Вообще с ним не церемонились. Но могло
быть и то, что бродяга не всЈ лгал и напрашивался на службу в самом деле
только от себя, и именно потихоньку от Петра Степановича; а уж это было
всего любопытнее.
II.
Дом, до которого дошел Николай Всеволодович, стоял в пустынном закоулке
между заборами, за которыми тянулись огороды, буквально на самом краю
города. Это был совсем уединенный небольшой деревянный домик, только что
отстроенный и еще не обшитый тесом. В одном из окошек ставни были нарочно не
заперты, и на подоконнике стояла свеча - видимо с целью служить маяком
ожидаемому на сегодня позднему гостю. Шагов еще за тридцать, Николай
Всеволодович отличил стоявшую на крылечке фигуру высокого ростом человека,
вероятно хозяина помещения, вышедшего в нетерпении посмотреть на дорогу.

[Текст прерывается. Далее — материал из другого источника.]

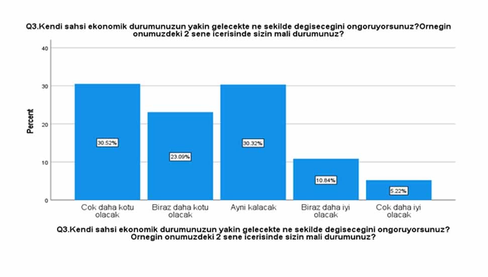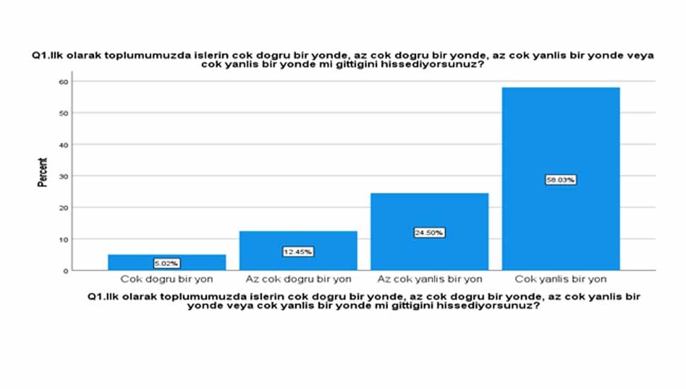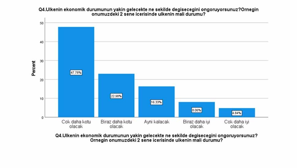 Katılımcılar arasında sadece yüzde 17.47 oranında bir kesim toplumda işlerin doğru bir yönde gittiğini, ekonomik durumun iki sene içerisinde daha iyiye gideceğini düşünenlerin oranının ise yüzde 12.9.

Послышался и голос его, нетерпеливый и как бы робкий:
- Это вы-с? Вы-с?
- Я, - отозвался Николай Всеволодович, не раньше как совсем дойдя до
крыльца и свертывая зонтик.
- Наконец-то-с! - затоптался и засуетился капитан Лебядкин, - это был
он, - пожалуйте зонтичек; очень мокро-с; я его разверну здесь на полу в
уголку, милости просим, милости просим.
Дверь из сеней в освещенную двумя свечами комнату была отворена
настежь.
- Если бы только не ваше слово о несомненном прибытии, то перестал бы
верить.
- Три четверти первого, - посмотрел на часы Николай Всеволодович,
вступая в комнату.
- И при этом дождь и такое интересное расстояние... Часов у меня нет, а
из окна одни огороды, так что... отстаешь от событий... но собственно не в
ропот, потому и не смею, не смею, а единственно лишь от нетерпения,
снедаемого всю неделю, чтобы наконец... разрешиться.
- Как?
- Судьбу свою услыхать, Николай Всеволодович. Милости просим.
Он склонился, указывая на место у столика пред диваном. Николай
Всеволодович осмотрелся; комната была крошечная, низенькая; мебель самая
необходимая, стулья и диван деревянные, тоже совсем новой поделки, без
обивки и без подушек, два липовые столика, один у дивана, а другой в углу,
накрытый скатертью, чем-то весь заставленный и прикрытый сверху чистейшею
салфеткой. Да и вся комната содержалась, повидимому, в большой чистоте.
Капитан Лебядкин дней уже восемь не был пьян; лицо его как-то отекло и
пожелтело, взгляд был беспокойный, любопытный и очевидно недоумевающий:
слишком заметно было, что он еще сам не знает, каким тоном ему можно
заговорить и в какой всего выгоднее было бы прямо попасть.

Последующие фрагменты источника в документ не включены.